In some implementations, the second output includes an OP_RETURN field that contains at least the first public key. In some implementations, the first output includes a pay-to-public-key-hash (P2PKH) operation referencing an address obtained as a hash of the second public key. In some implementations, the certificate authority holds a second private key corresponding to the second public key.

In some implementations the method may further include verifying the digital certificate. Verifying the digital certificate may include obtaining a copy of the certification transaction from a blockchain based on the certification transaction identifier in the digital certificate; determining that the first output is an unspent transaction output; and determining that the first public key contained in the second output in the certification transaction matches a public key in the digital certificate. In some such implementations, determining that the first output is an unspent transaction output includes determining that the first output is present in an unspent transaction output pool of the blockchain network. In some such implementations, an input to the certification transaction may further include a certificate authority public key, and wherein verifying the digital certificate may further include determining that the certification transaction is signed by the certificate authority based on the certificate authority public key.

In some implementations, the method may further include revoking the digital certificate by generating a revocation transaction that includes, as an input, the first output of the certification transaction, and propagating the revocation transaction on the blockchain network.

In some implementations, the method may further include replacing the digital certificate with a new digital certificate for a new public key. Replacing may include creating a new certification transaction, wherein the new certification transaction includes as an input the first output of the certification transaction, a first new output to an new address based on a third public key, and a second new output having the information field, wherein the information field contains the new public key; determining a new certification transaction identifier from hashing the new certification transaction; and propagating the new certification transaction on the blockchain network. The new digital certificate may include the new public key and the new certification transaction identifier.

In some implementations, the information field is an OP_RETURN output.

In some implementations, the certification transaction includes an input referencing an unspent transaction outpoint address obtained from a hash of a certificate authority public key, and wherein the certification transaction includes an unlocking script for the unspent transaction outpoint address that includes the certificate authority public and the digital signature, and wherein the digital signature is generated based on a private key corresponding to the certificate authority public key.

In some implementations, the first output includes a multi-sig locking script enabling any one of two or more private keys to utilize the first output.

In a further aspect, the present application describes a computer-implemented method of verifying a digital certificate using a blockchain network.

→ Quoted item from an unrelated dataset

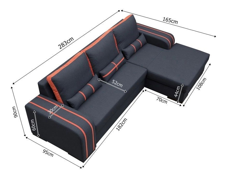 ZobraziťModerná rohová sedačka Vinita s pruhovými linkami dodáva celému produktu dynamiku. Okrem toho, že má elegantný vzhľad, ponúka aj praktické riešenia, ako úložný priestor a rozloženie na príležitostné spanie. Sedačka Vinita je dostupná v ľavom aj pravom prevedení. Tkanina Inari 96 + Inari 91 je veľmi kvalitná látka, ktorá patrí medzi tkané látky a je odolná voči oderu a roztrhnutiu. Test oderuvzdornosti Martindale ukazuje, že látka vydrží až 49 000 cyklov. Konštrukcia sedačky je vyrobená z drevotriesky a lamino dosky, pružiny sú falisté a výplň je z peny T-30. Nožičky sú vyrobené z tmavého orechového dreva a majú výšku 4 cm. Sedačka má plochu na spanie 220 x 140 cm a rozkladací mechanizmus vo forme vozíka. Sedačka má aj jeden úložný priestor. Hĺbka sedu je 52 cm a výška sedu je 44 cm. Sedačka má čalúnené zozadu, čím sa stáva multifunkčnou a vhodnou do každej obývacej miestnosti.

The digital certificate including a first public key and a certification transaction identifier. The method may include receiving the digital certificate from a first entity and obtaining a copy of the certification transaction from a blockchain based on the certification transaction identifier in the digital certificate, wherein the certification transaction includes a digital signature from a certificate authority, a first output to an address based on a second public key, and a second output having an information field. The method may further include determining that the information field contains a public key that matches the first public key in the digital certificate; querying an unspent transaction output pool to determine that the first output in the certification transaction has not been used in any subsequent transaction; and, based on those determinations, verifying that the first public key is certified valid.

In yet a further aspect, the present application describes a computer-implemented method of validating a certificate associated with a first node. The method may include receiving a transaction template from the first node, the transaction template containing a first input that references a certification transaction output and is signed by a certification transaction key; obtaining a copy of a certification transaction and determining that the certification transaction includes the certificate associated with the first node and that the certification transaction is signed by a certification authority key; and propagating the transaction template on a blockchain network, wherein the transaction template propagated includes a second input transferring resources to an output address. The transaction template is to be validated by nodes on the blockchain network if the certification transaction output is contained within an unspent transaction output set.

In some implementations, the transaction template includes an input from a first public key associated with the first node, and wherein the certificate includes the first public key. In some cases, propagating includes adding, to the transaction template prior to propagation, an output to a second public key associated with a second node.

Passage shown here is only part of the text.